LOS ANGELES (AP) — Low mortgage rates and a severe shortage of previously occupied U.S. homes on the market have helped stoke demand for new homes this year, but supply chain problems and rising costs for building materials and labor have been a drag on the industry.
Big homebuilders like Scottsdale, Arizona-based Taylor Morrison Home Corp., have had to calibrate construction schedules to account for the supply crunch, which has caused delays and limited the number of homes for sale.
CEO Sheryl Palmer recently spoke to The Associated Press about the U.S. housing market, the impact of inflation and supply chain problems, and the company’s push to sell homes online. The interview has been edited for length and clarity.
Q: It’s been a strong year for the new-home market. How do you see it heading from here?
A: There are a lot of dynamics at work, but when I just look at the supply-demand needs of providing shelter, the trajectory we’ve seen, with pricing moving the way it has, and the level (of construction) — I think everybody slowed it down to match production, to allow production to get caught up — I think we have a good runway ahead for the industry.

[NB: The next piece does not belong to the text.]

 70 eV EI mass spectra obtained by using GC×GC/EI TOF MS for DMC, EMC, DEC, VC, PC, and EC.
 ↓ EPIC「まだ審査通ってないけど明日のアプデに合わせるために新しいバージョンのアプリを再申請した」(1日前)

Q: How have the building materials constraints and higher prices for key components like lumber affected your business?
A: We found ourselves with $1,600-$1,700 lumber for a good part of this year, really unprecedented levels. We went ahead and continued to build … customers’ houses. They cost a lot more than we thought they were going to cost when we sold them the house, because it was such an unprecedented movement in lumber.

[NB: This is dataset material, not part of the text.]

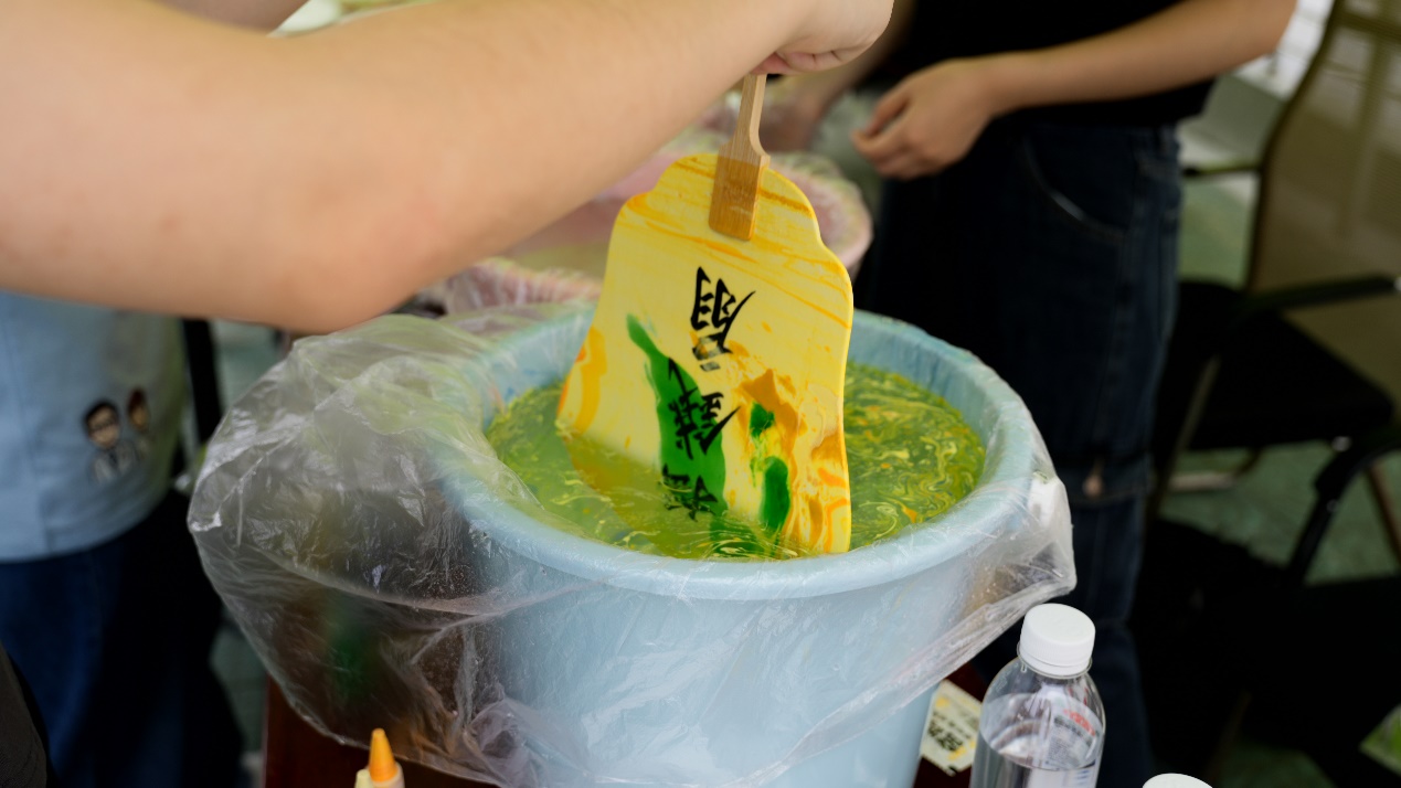 新生漆扇DIY活动现场人气火爆。看着一枚枚色彩斑斓的手工漆扇,在自己手中诞生,新生们笑逐颜开。凝聚着非遗文化和个性创意的小小漆扇,也将为新生们即将展开的大学生活,平添一抹亮色。

Q: The supply crunch has also lengthened the time it takes to build homes, correct?
A: It’s extending timelines a little bit. Most builders are deploying the same strategy, and that is aligning sales with production capacity.
Q: When you look at the surge in U.S. home prices this year, do you worry the pool of buyers who can afford a new home is shrinking?

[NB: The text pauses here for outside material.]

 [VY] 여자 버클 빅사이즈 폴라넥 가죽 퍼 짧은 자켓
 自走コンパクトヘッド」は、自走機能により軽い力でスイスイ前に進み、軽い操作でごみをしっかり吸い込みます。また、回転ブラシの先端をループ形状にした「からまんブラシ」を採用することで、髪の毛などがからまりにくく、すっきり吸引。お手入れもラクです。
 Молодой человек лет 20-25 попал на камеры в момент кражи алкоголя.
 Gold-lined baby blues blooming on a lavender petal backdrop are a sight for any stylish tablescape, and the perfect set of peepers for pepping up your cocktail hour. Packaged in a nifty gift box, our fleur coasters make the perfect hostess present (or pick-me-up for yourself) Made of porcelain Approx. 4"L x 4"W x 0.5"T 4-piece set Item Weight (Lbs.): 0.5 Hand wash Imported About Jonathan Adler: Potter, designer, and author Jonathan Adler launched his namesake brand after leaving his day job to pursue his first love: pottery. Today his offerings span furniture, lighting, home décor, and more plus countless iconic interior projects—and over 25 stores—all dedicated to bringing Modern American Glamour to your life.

A: There’s such an undersupply. When I look at affordability — I think the average was a 23% increase in (home) prices year-over-year — that’s unprecedented. Is that a sustainable formula? Absolutely not. Having said that, what’s also really interesting and has probably seeded some of that is if I were to look at a $400,000 house today and put a conventional loan on it — 20% down payment, 80% mortgage — my (monthly) payment would be lower today than it was a year ago, because interest rates have been so attractive.
Q: The pandemic helped popularize virtual home tours. Taylor Morrison is leaning into this trend with the launch of an online homebuying portal. Will this have enduring appeal outside of a social distancing scenario?
A: The whole intent of the virtual suite is that there isn’t one-size-fits-all and we want to engage with the customer in the way that’s most comfortable for them. And if they want to do it in person, great. If they’re out of state, which is something that happens quite often, and they know the neighborhood and they’re comfortable doing it virtually, that works, too.